To deeper understand the role of gut dysbiosis in the deterioration of intestinal inflammation and delayed mice recovery upon MLT treatment, animals were subjected to a wide spectrum antibiotic therapy for microbiota depletion, before DSS exposure (Figure 4F), in our fourth experimental protocol. The results showed a remarkable reversion of the disease phenotype with a faster weight recovery and improvement in colitis clinical score in mice that were administered MLT (Figure 4G,H, respectively). The disease amelioration was accompanied by a reduction in blood total leukocytes (Figure 4I), including mononuclear (Figure 4J) and increased neutrophil numbers (Figure 4K). Most importantly, the gut microbiota depletion resulted in a counter regulatory systemic response, as observed with the increase in CD4 T lymphocytes producing IL-4 and IL-10 cytokines in the spleen of mice treated with MLT (Figure 4L,M, respectively).
In line with that, we also observed a reduction in macrophage activity in the gut (Figure 5B) and a marked diminishment in proinflammatory cytokine TNF production in the colon of mice treated with MLT after gut microbiota depletion (Figure 5D).
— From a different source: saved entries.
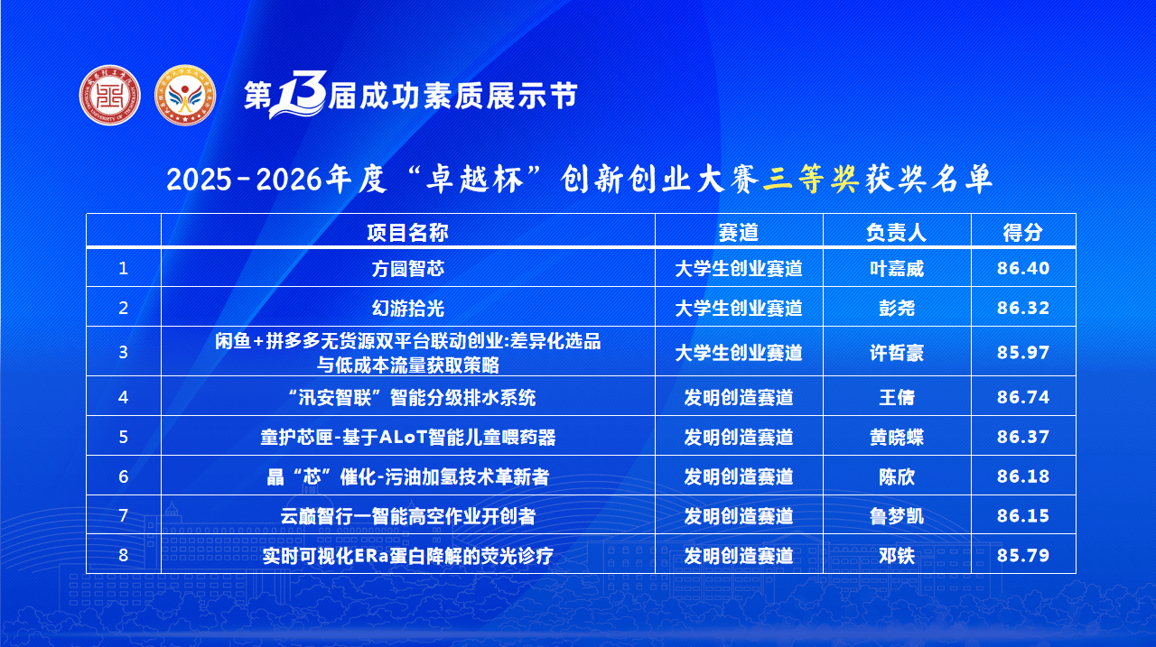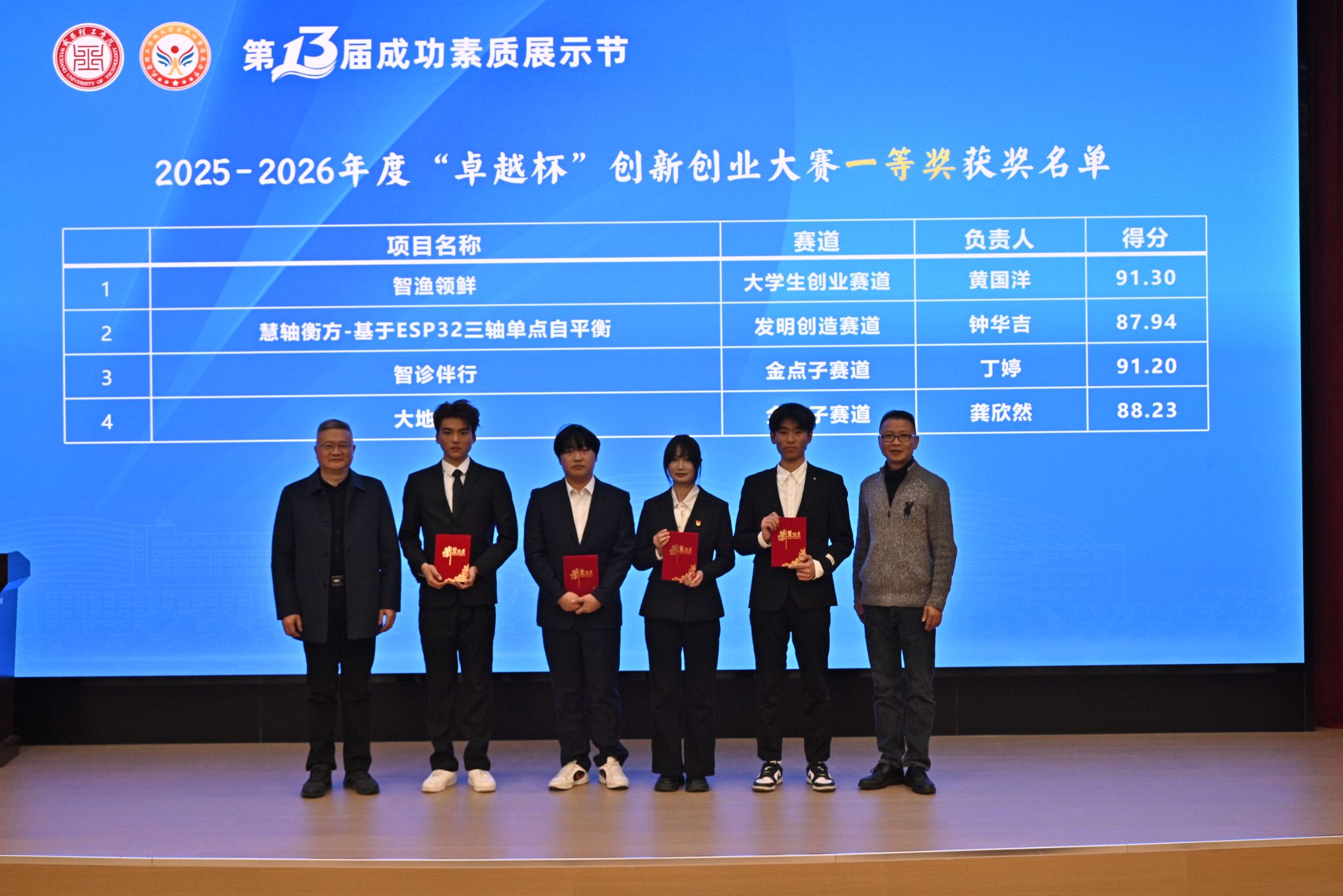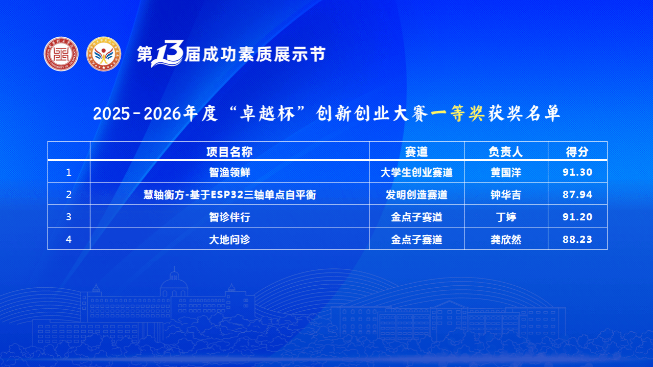 各赛道涌现出一批亮点项目。其中,《智渔领鲜》项目凭借清晰的商业模式与较强的实践潜力,以91.30分荣获大学生创业赛道一等奖。项目负责人黄国洋结合家庭渔业背景,针对传统水产销售痛点,带领团队开发出集智能监测、品质溯源与电商销售于一体的解决方案。此外,钟华吉团队的《慧轴衡方-基于ESP32三轴单点自平衡》项目获得发明创造赛道一等奖;丁婷团队的《智诊伴行》项目、龚欣然团队的《大地问诊》获得金点子赛道一等奖。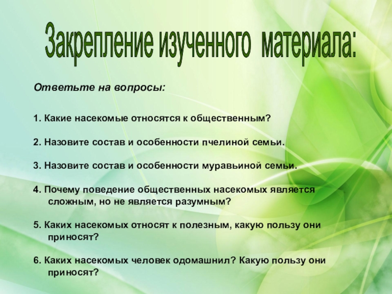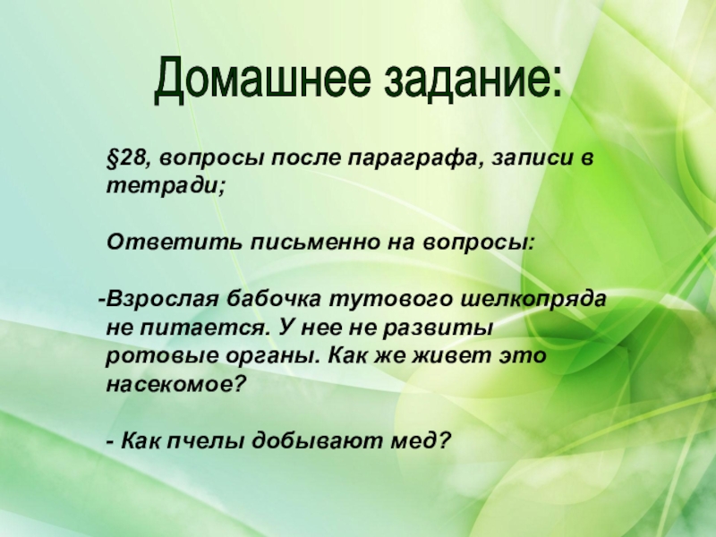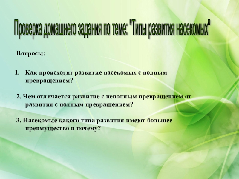 Проверка домашнего задания по теме: "Типы развития насекомых"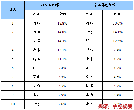 2011年中国自行车链条原料冷轧钢带生产省市排名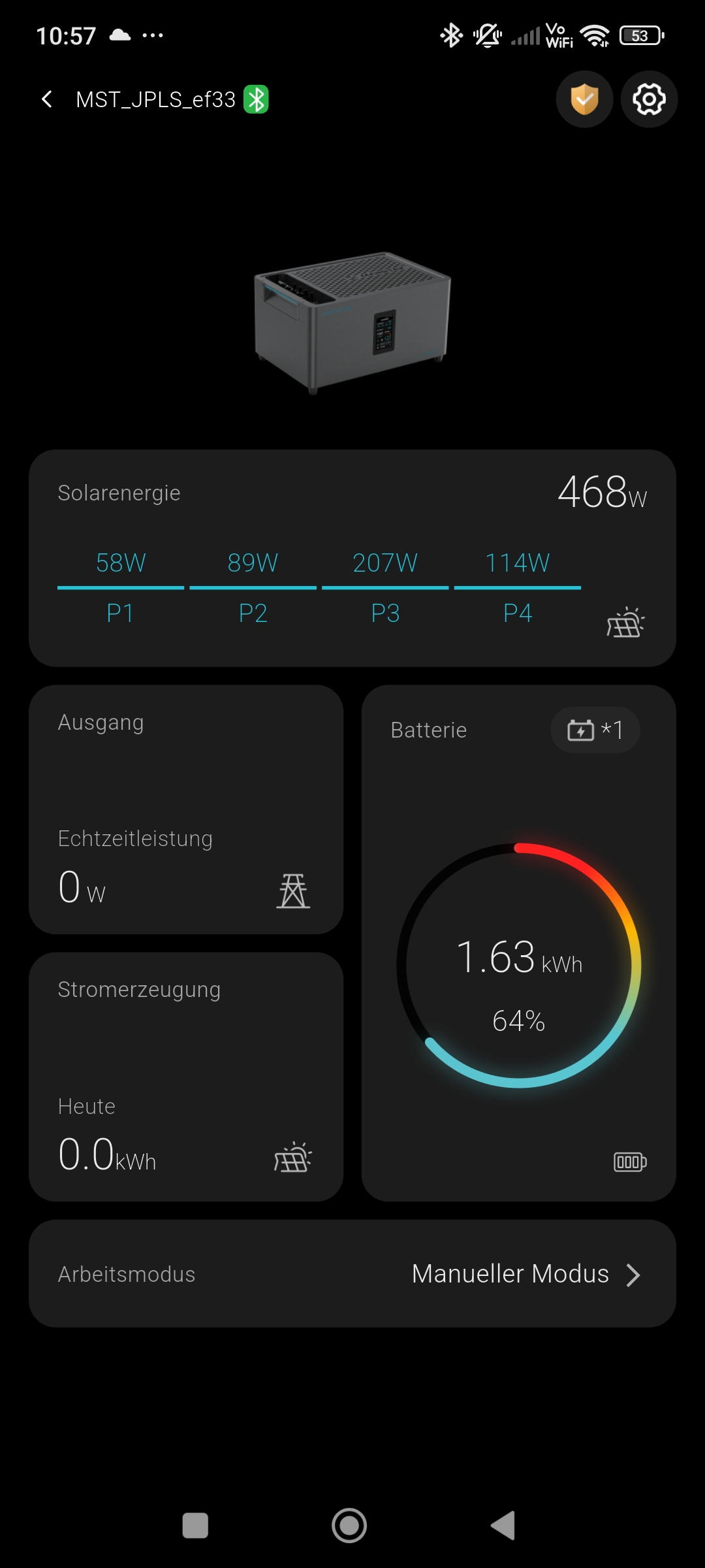 Für den Test wurden alle Anschlüsse mit den originalen Abdeckkappen verschlossen, um ein Eindringen von Feuchtigkeit zu verhindern. Das Speichersystem war in den kompletten 48 Stunden weiterhin in Betrieb. Leider verfügt die Marstek App über keinerlei Temperaturüberwachung. Somit kann der Nutzer nicht nachvollziehen, in welchem Temperaturbereich sich der Speicher momentan bewegt.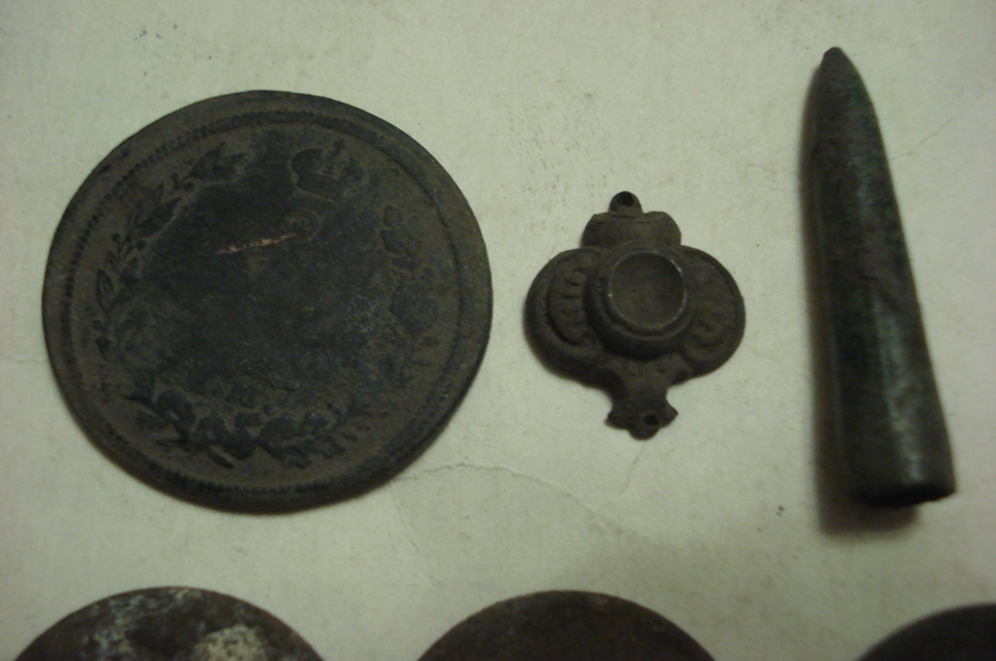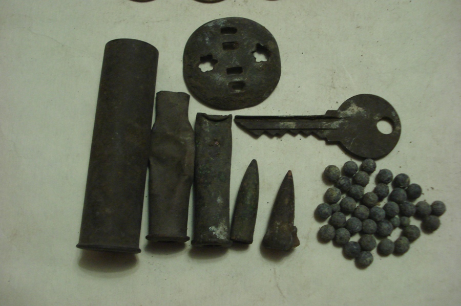 Сегодня с батей , после работы , заехали на разведку ) на одну полянку . На первом фото то что я нашел за час , остальное все нашел папик . За не имением второй клюшки , мне досталась лопата . Найдя пулевидный нак , променял прибор на лопату ).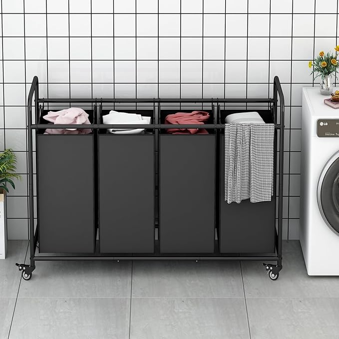 - Rolling Wheel Design: 4 heavy-duty casters allow the laundry sorter cart to move freely; the 2 rolling wheels on the 4-bag laundry sorter can be locked to keep it stationary.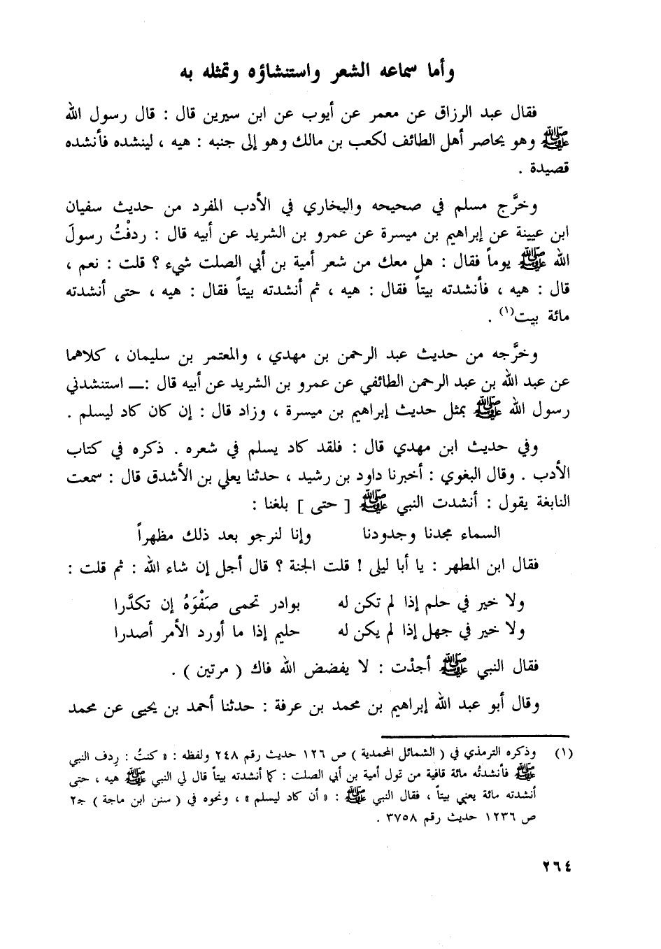 وخرّج مسلم في صحيحه والبخاري في الأدب المفرد من حديث سفيان ابن عيينة عن إبراهيم بن ميسرة عن عمرو بن الشريد عن أبيه قال: ردفت رسول اللَّه صلّى اللَّه عليه وسلّم يوما فقال: هل معك من شعر أمية بن أبي الصلت شيء؟ قلت: نعم، قال: هيه، فأنشدته بيتا فقال: هيه، ثم أنشدته بيتا فقال: هيه، حتى أنشدته مائة بيت [ (1) ] .

The neutrophil activity and IL-17 responses were not affected in both groups post antibiotic therapy (Figure 5A,C, respectively). Regarding the gut microbiota, the differences in Bacteroidetes were abolished (Figure 5F) and there was not a significant detection of Proteobacteria phylum. Nevertheless, we found a clear reversal of the composition of the other phyla, with a reduction in Actinobacteria (Figure 5E), Firmicutes (Figure 5G) and, most strikingly, Verrucomicrobia phylum (Figure 5H), which was notably increased in the colitis group treated with MLT when gut microbiota was not depleted. Figure 5I represents the heat map summarizing the gut microbiota changes in colitis, which was modulated by the hormonal therapy. Altogether, our data indicates a gut microbiota-dependent effect of MLT in the potentiation of intestinal inflammation induced by DSS.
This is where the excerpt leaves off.